Aggregations and their expected behaviour
Owner | Approvers | Participants |
---|---|---|
Sasha Patotski | Dan Miller, Ulf Knoblich | Jing Jin, Pawel Janowski, Aleksandr Fabijan, Widad Machmouchi, Andrew Lohr, Jonathan Litz, Carl Mitchell, Andy Drake, Garnet Vaz |
This RFC (Request For Comment) describes what Mangrove means by "aggregation levels", the constraints, assumptions, and the behaviour that Mangrove users can expect under those constraints and assumptions. Moreover, we give a precise description of how aggregations work in Mangrove, with a focus on handling null values.
Problem
Recently a number of unexpected behaviours were discovered in Foray (the current default code generation framework in the Cosmos pipeline). These behaviours were caused by more than 3 aggregation levels with some of the columns defining the levels containing null values. Because of the mismatch between the user's expectations and the computation results, Mangrove needs to be as precise as possible in communicating the expected behaviour.
Summary of the proposal
In short, we propose the following for Mangrove:
- The result of the computation should not depend on the compute fabric used.
- Currently there is a number of known small discrepancies between platforms (Foray vs. Hypercube vs. Foray MV vs. Mangrove Hypercube vs. other Mangrove fabrics)

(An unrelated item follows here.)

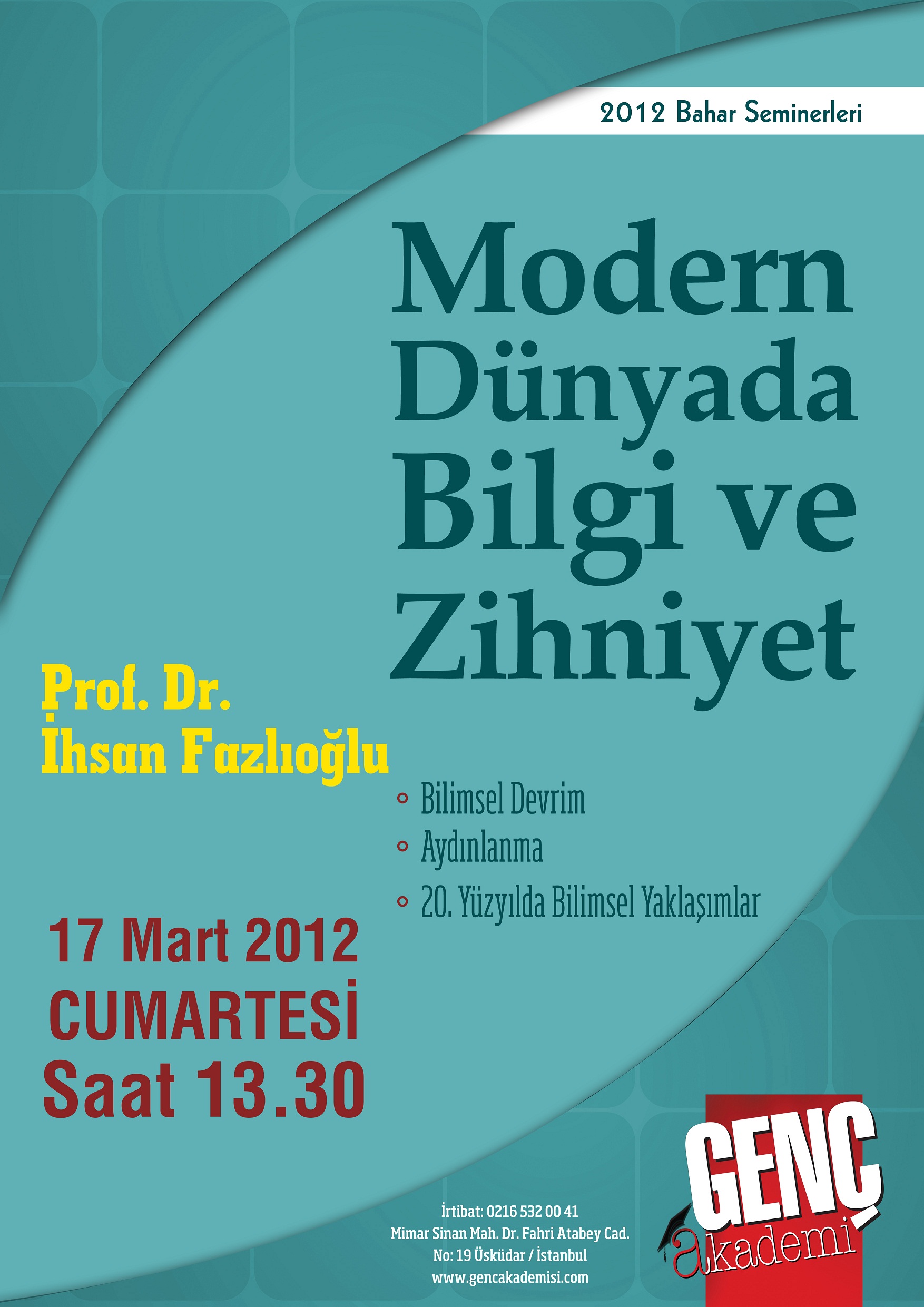 Genç Akademi Bahar Seminer Programları kapsamında, İstanbul Medeniyet Üniversitesi Öğretim Üyesi Prof. Dr. İhsan Fazlıoğlu, 17 Mart Cumartesi saat 13.30`da Modern Dünyada Bilgi ve Zihniyet başlıklı bir seminer verecek. Katılmak isteyen herkese duyurulur...

- Allow arbitrary positive number of aggregation levels.
- Mangrove Hypercube only allows 4 (although it is not a hard limit, it is easy to add more levels if needed), other Mangrove fabrics allow any number already. Foray and Foray MV do not have official support for more than 3 levels.
- Aggregation levels should be linearly ordered from the least coarse to the most coarse,
with the most coarse level being the randomization unit level.
- This is the current assumptions across all the platforms already.
- Allow having null values in the aggregation level IDs.
- Different platforms have different behaviour.
- Make no assumptions about the uniqueness of the aggregation level IDs, for example
two different users can have sessions with the same ID and those would still be treated
as different sessions.
- Foray does that currently, the other platforms have differences.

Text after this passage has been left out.